Material to process:
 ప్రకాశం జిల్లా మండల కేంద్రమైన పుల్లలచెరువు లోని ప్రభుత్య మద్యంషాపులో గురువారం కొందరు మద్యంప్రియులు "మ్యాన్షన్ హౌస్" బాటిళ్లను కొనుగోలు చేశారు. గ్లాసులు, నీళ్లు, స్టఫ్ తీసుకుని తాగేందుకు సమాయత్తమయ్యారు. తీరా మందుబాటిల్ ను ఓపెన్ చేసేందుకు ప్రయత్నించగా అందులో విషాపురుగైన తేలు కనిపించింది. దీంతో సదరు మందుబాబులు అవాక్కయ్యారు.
---
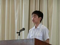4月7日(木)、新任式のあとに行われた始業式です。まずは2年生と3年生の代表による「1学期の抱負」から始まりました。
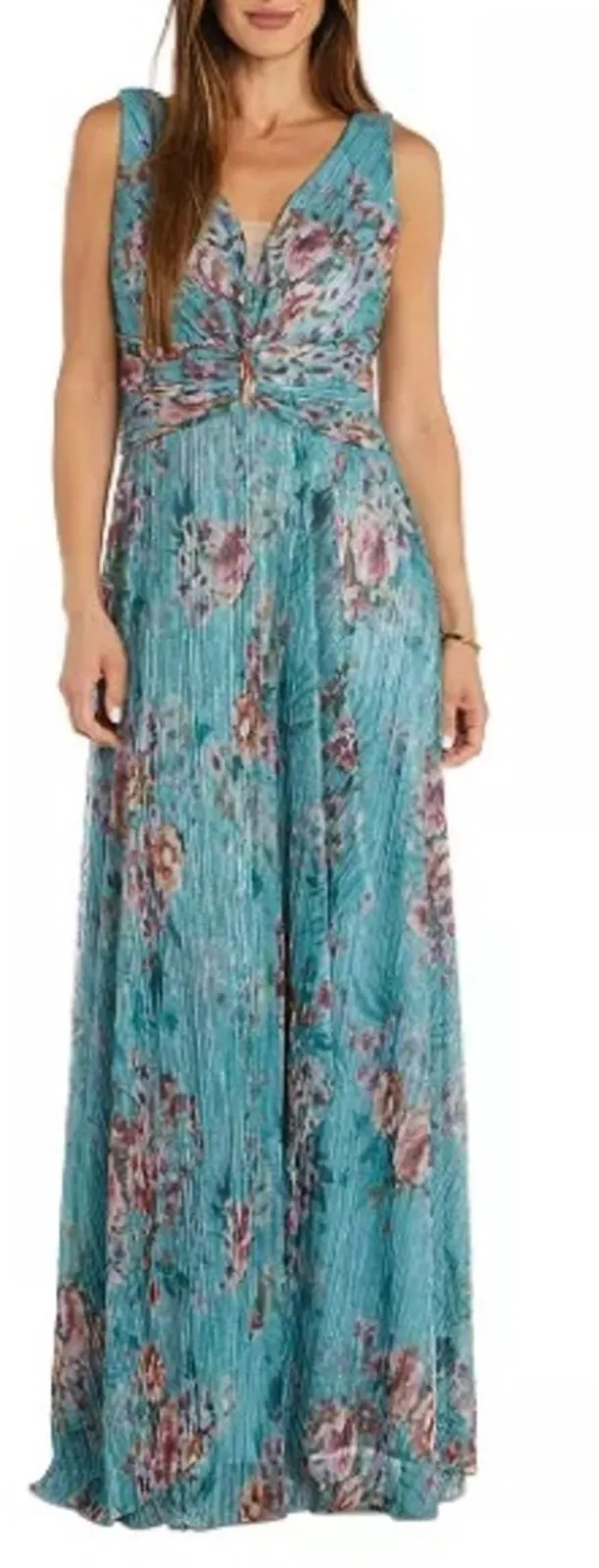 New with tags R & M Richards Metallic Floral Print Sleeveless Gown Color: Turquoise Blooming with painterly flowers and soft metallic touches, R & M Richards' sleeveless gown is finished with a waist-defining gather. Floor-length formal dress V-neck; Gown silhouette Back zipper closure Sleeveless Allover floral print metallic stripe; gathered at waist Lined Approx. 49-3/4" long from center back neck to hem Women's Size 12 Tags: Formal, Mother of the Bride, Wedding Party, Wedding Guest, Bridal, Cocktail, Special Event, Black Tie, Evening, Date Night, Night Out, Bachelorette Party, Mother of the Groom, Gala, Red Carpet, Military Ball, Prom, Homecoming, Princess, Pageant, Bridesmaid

Exercise description:
In the listing above, find the line with "4月7日(木)、新任式のあと" and the line with "New with tags". Copy exactly those lines and all between them, minus the images.

Output for this task:
4月7日(木)、新任式のあとに行われた始業式です。まずは2年生と3年生の代表による「1学期の抱負」から始まりました。
 New with tags R & M Richards Metallic Floral Print Sleeveless Gown Color: Turquoise Blooming with painterly flowers and soft metallic touches, R & M Richards' sleeveless gown is finished with a waist-defining gather. Floor-length formal dress V-neck; Gown silhouette Back zipper closure Sleeveless Allover floral print metallic stripe; gathered at waist Lined Approx. 49-3/4" long from center back neck to hem Women's Size 12 Tags: Formal, Mother of the Bride, Wedding Party, Wedding Guest, Bridal, Cocktail, Special Event, Black Tie, Evening, Date Night, Night Out, Bachelorette Party, Mother of the Groom, Gala, Red Carpet, Military Ball, Prom, Homecoming, Princess, Pageant, Bridesmaid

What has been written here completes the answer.